TASK REQUIREMENTS: Below is a listing; retype exactly the lines between the one containing "있는 여행상품입니다. |" and the one containing "10. 如图,D是线段AB的中点,C是线段AD的中点。若CD= 1,则AB的长为______。", inclusive, minus the pictures.
━━ TASK MATERIAL
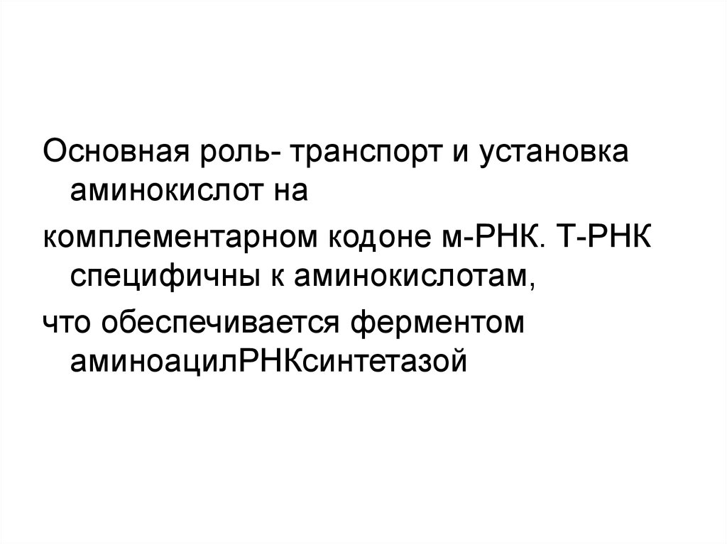 Т.о., т-РНК «метит» аминокислоту,придавая ей специфичность и
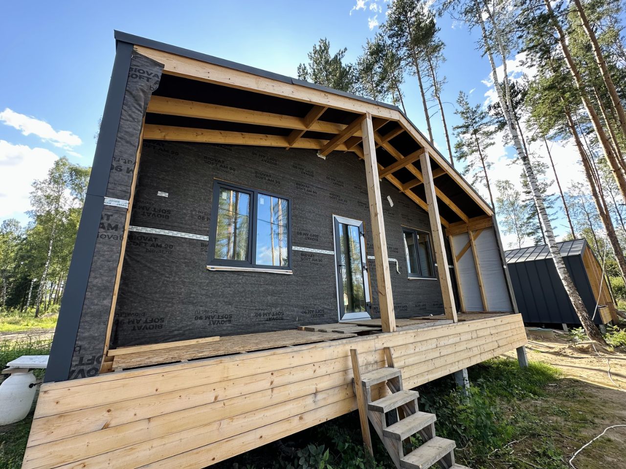 Сдаётся в нескольких вариантах отделки: 1. Теплый контур с подведенными коммуникациями, 2. Теплый контур с подведенными коммуникациями и пред чистовой отделкой под white box, готовая котельная, огороженный участок с откатными воротами, Подходит под семейную ипотеку! ВОЗМОЖНА ПРОПИСКА!!! Дом построен по каркасной технологии из сухой строганной доски, качественно утеплен каменной ватой (стены 150мм, пол/потолок 200мм). Фасад и кровля облицованы матовой металлочерепицей Grand Line 0,5мм в современном стиле.
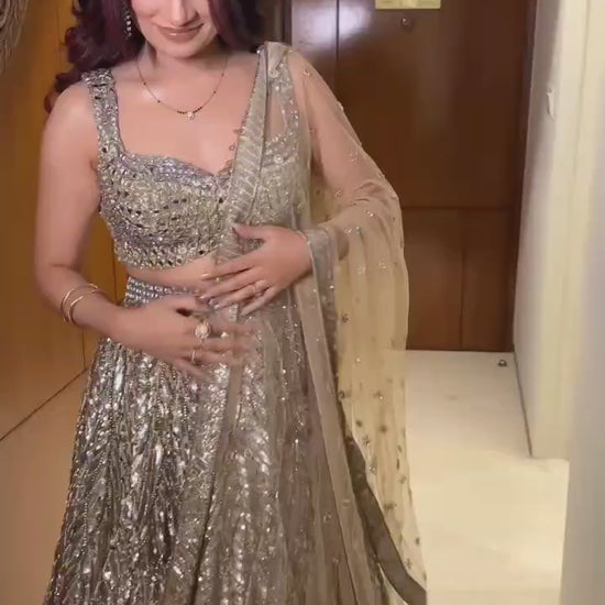 The Husn-e-Zevar Lehenga is an epitome of bridal grandeur, handcrafted in shimmering gold sequins from top to hem. Its luminous design mirrors the brilliance of fine jewelry, making the bride glow like a radiant ornament herself. Every sequin is delicately placed to create a mesmerizing sparkle, while the regal silhouette ensures timeless elegance. Perfect for the bride who wishes to embody royalty and dazzle with unmatched grace on her special day.
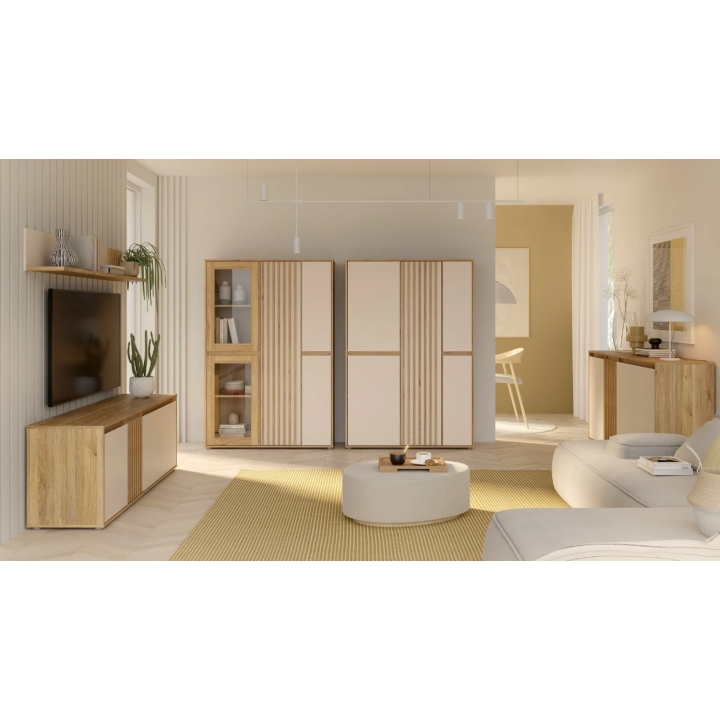 The left section of the furniture is equipped with a glass door, behind which you can place ornaments, photos, glass or porcelain. The middle and right doors made of furniture board conceal capacious shelves ideal for textiles, documents and even wardrobe items. Some of the fronts have been decorated with MDF slats, which adds to the overall look and fits in with the latest interior design trends.
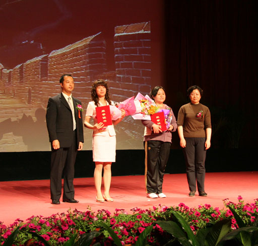 北京市教委副主任郭广生、延庆镇党委组织委员李英铁为延庆镇村官李娜、王雪、邱有东、张璐怿、刘建涛颁奖
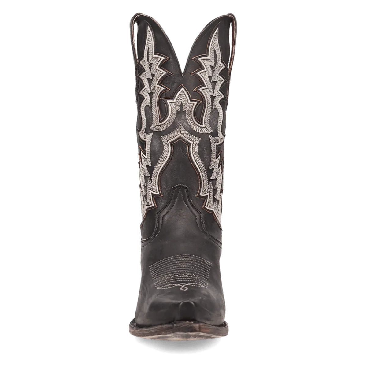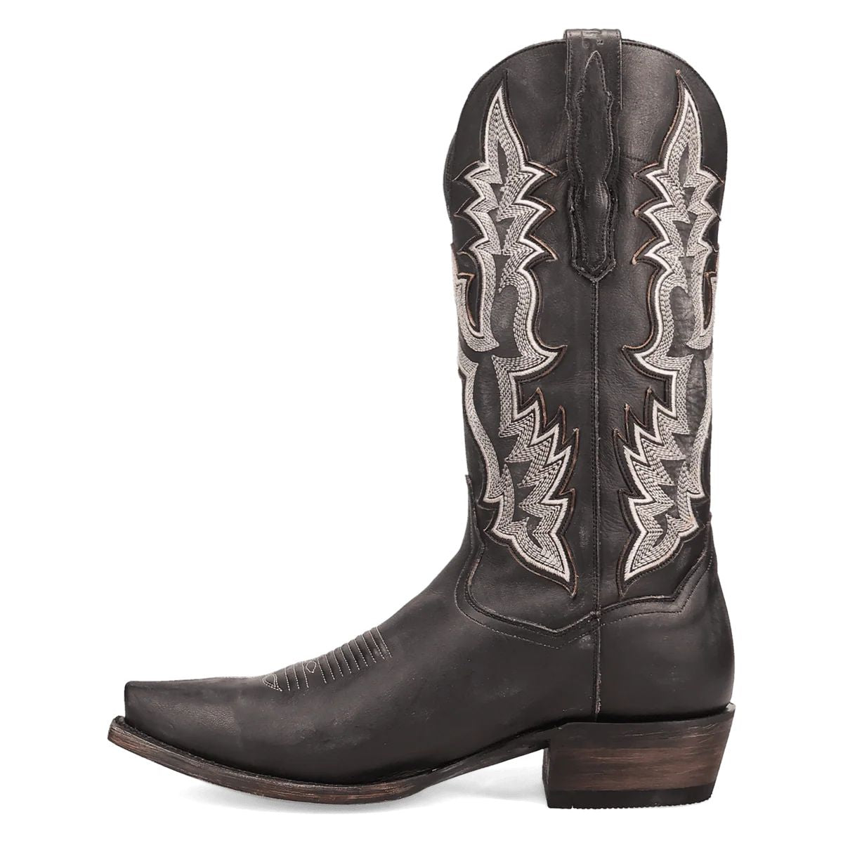 Fuel your journey in the Dan Post Men's Diesel Black Leather Snip Toe Boot DP7034, featuring a 13-inch shaft, snip toe, cowboy heel, durable leather outsole, and a removable Soft Strike Orthotic for all-day comfort and style.
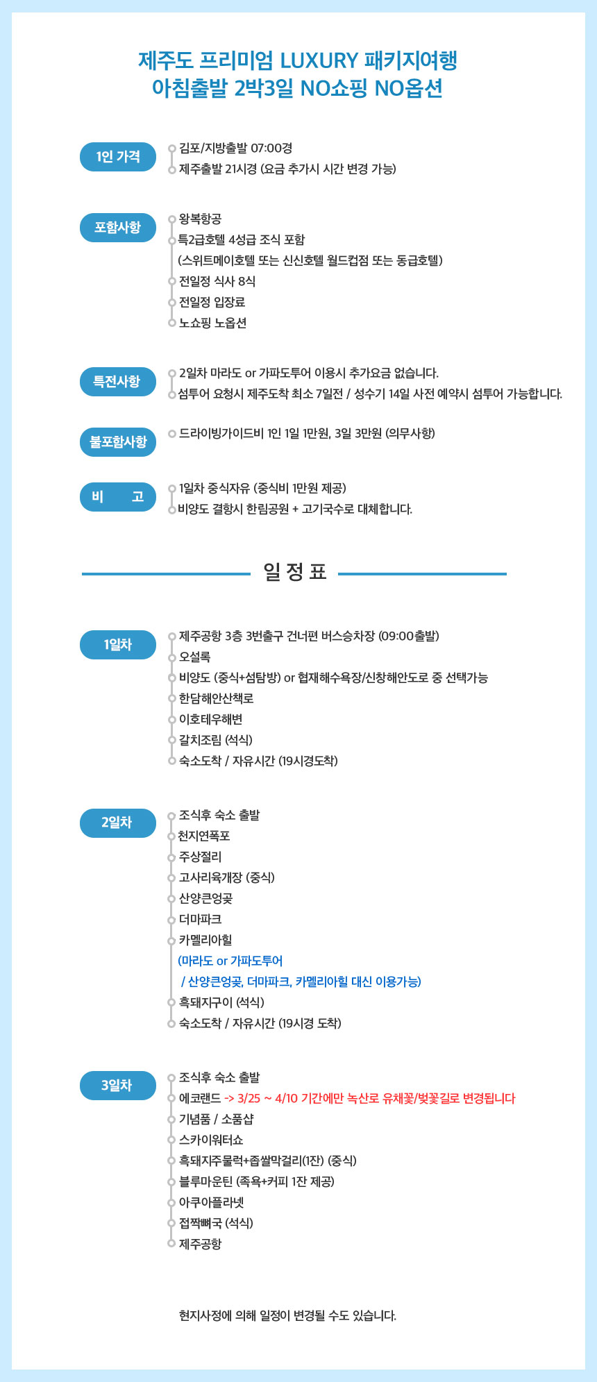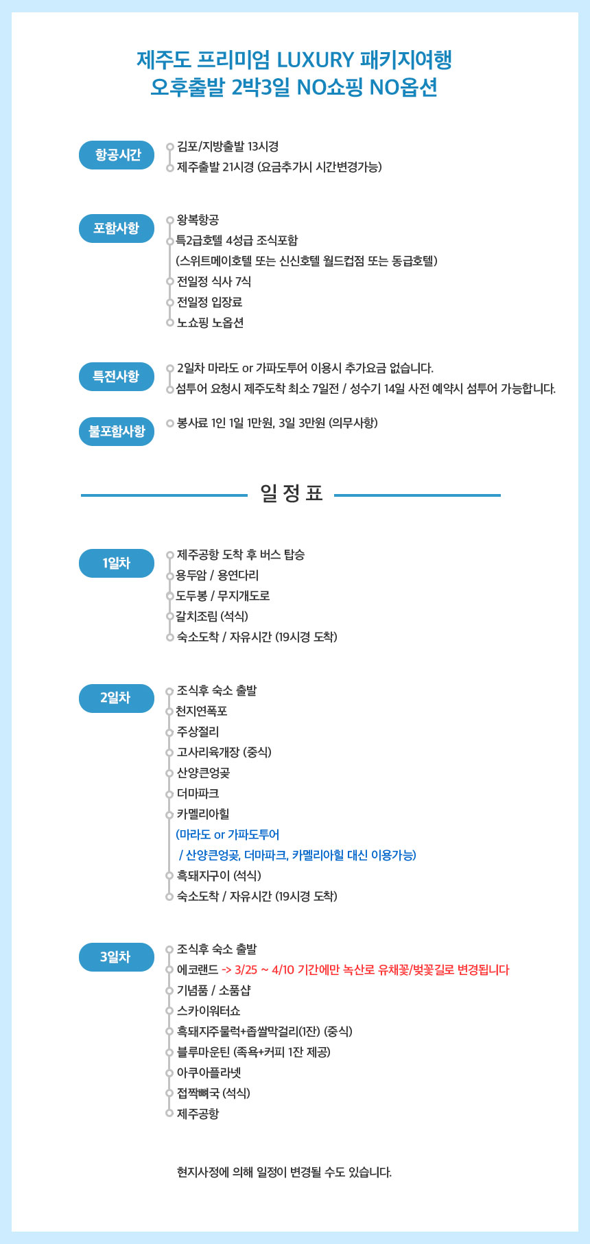 | 취소 or 날짜변경 환불규정을 꼭 확인 - 구매후 - 여행 16일전까지 1인 60,000원 - 여행 15일전 ~ 8일전 총금액의 50% - 여행 7일전 ~ 4일전 총금액의 70% - 여행 3일전 ~ 2일전 총금액의 90% - 여행 1일전 100% -18시 이후 or 주말, 공휴일은 취소가 되지 않습니다. 본 패키지 상품은 6인 이상 모객 시 출발하는 상품입니다. 출발인원 미충족 시 여행약관 제14조에 따라 여행 출발 48시간 이전에 여행계약을 일방적으로 취소될 수 있는 여행상품입니다. |
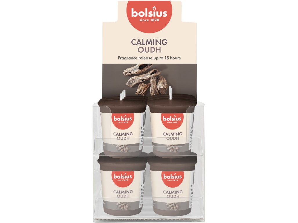 Výrazná, dřevitě kořeněná vůně vosku Oud Wood od Bolsius ve 6 praktických dílcích.
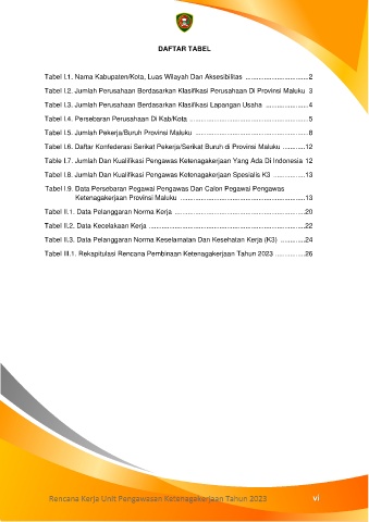 Tabel I.8. Jumlah Dan Kualifikasi Pengawas Ketenagakerjaan Spesialis K3 ................. 13
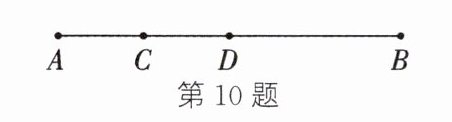 10. 如图,D是线段AB的中点,C是线段AD的中点。若CD= 1,则AB的长为______。
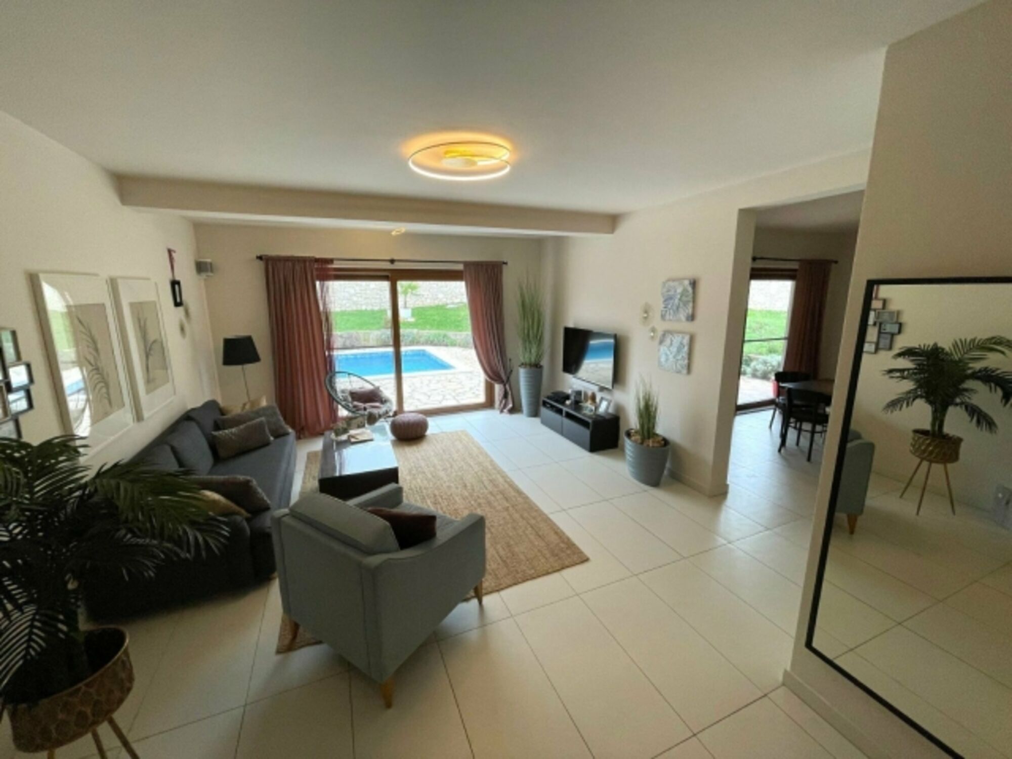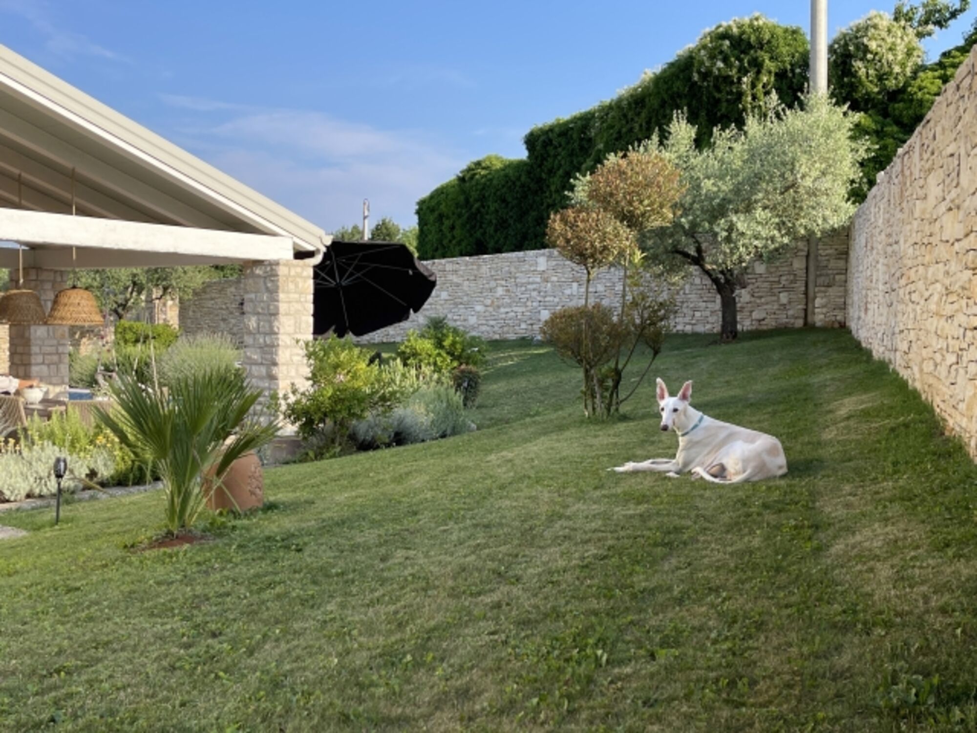 Die Villa ist dank der umlaufenden Steinmauer herrlich sichtgeschützt, was für hohe Privatsphäre und eine ganzjährige Nutzung im Rahmen eines Familienurlaubes sorgt. Das große Grundstück bietet genügend Auslauf für Ihre Vierbeiner (max. 2 Hunde ohne zusätzliche Gebühr).
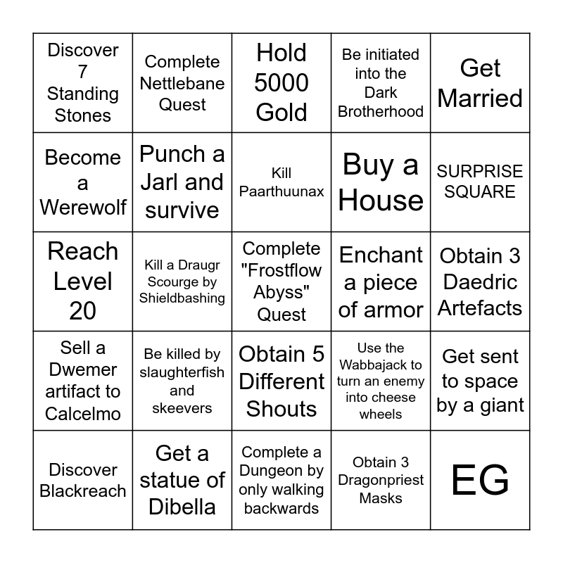This bingo card has 26 words: Obtain 5 Different Shouts, Obtain 3 Dragonpriest Masks, Kill Paarthuunax, Get a statue of Dibella, Get Married, Discover 7 Standing Stones, Become a Werewolf, Complete Nettlebane Quest, Obtain 3 Daedric Artefacts, Use the Wabbajack to turn an enemy into cheese wheels, Buy a House, Reach Level 20, Get sent to space by a giant, Discover Blackreach, Kill a Draugr Scourge by Shieldbashing, Visit all 9 Major Cities, Be initiated into the Dark Brotherhood, Sell a Dwemer artifact to Calcelmo, Hold 5000 Gold, Complete "Frostflow Abyss" Quest, SURPRISE SQUARE, Complete a Dungeon by only walking backwards, Enchant a piece of armor, Be killed by slaughterfish and skeevers, Punch a Jarl and survive and EG.
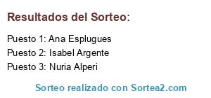 Lista de participantes: Patricia Jimenez, Francesca Perez, carmenfrancis1, Nuria Alperi, Noelia Garcia, Tana, Clara sancho, Mª Carmen Calvo, Lola Enguix, Loles Camacho, Mariola, Marisa, Encarni Martinez, Ana Cuenca, Adela, Antonio, Lucia, Amparo Nadal, Noelia Asensio, Carmen Soto, Isabel Argente, Maria Herrero, Ana Esplugues, Natalia Cuello, Neus Garcia, Maria Mozalbes, Loli Cabanes, lorena_83vlc, Carolina Más, Maite, Paula, Maria Bragado, Marta Moll, Mar Naval, Ana Diez, Sabina Perales, Magda Ferrer, Lourdes.
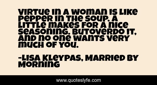 "Lisa Kleypas, Married By Morning Quotes." Quoteslyfe.com, 2025. Sat. 06 Dec. 2025. <https://www.quoteslyfe.com/quote/Virtue-in-a-woman-is-like-pepper-231304>.
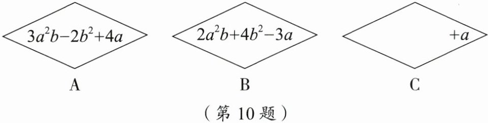 10. 如图,小明准备了三张写有代数式的卡片 $A$,$B$,$C$,并且告诉同桌小华规则为:其中两张卡片上多项式的差等于第三张卡片上的多项式,但卡片 $C$ 上的一部分内容看不清楚了.
━━━━
SOLUTION TO THIS PROBLEM:
 | 취소 or 날짜변경 환불규정을 꼭 확인 - 구매후 - 여행 16일전까지 1인 60,000원 - 여행 15일전 ~ 8일전 총금액의 50% - 여행 7일전 ~ 4일전 총금액의 70% - 여행 3일전 ~ 2일전 총금액의 90% - 여행 1일전 100% -18시 이후 or 주말, 공휴일은 취소가 되지 않습니다. 본 패키지 상품은 6인 이상 모객 시 출발하는 상품입니다. 출발인원 미충족 시 여행약관 제14조에 따라 여행 출발 48시간 이전에 여행계약을 일방적으로 취소될 수 있는 여행상품입니다. |
 Výrazná, dřevitě kořeněná vůně vosku Oud Wood od Bolsius ve 6 praktických dílcích.
 Tabel I.8. Jumlah Dan Kualifikasi Pengawas Ketenagakerjaan Spesialis K3 ................. 13
 10. 如图,D是线段AB的中点,C是线段AD的中点。若CD= 1,则AB的长为______。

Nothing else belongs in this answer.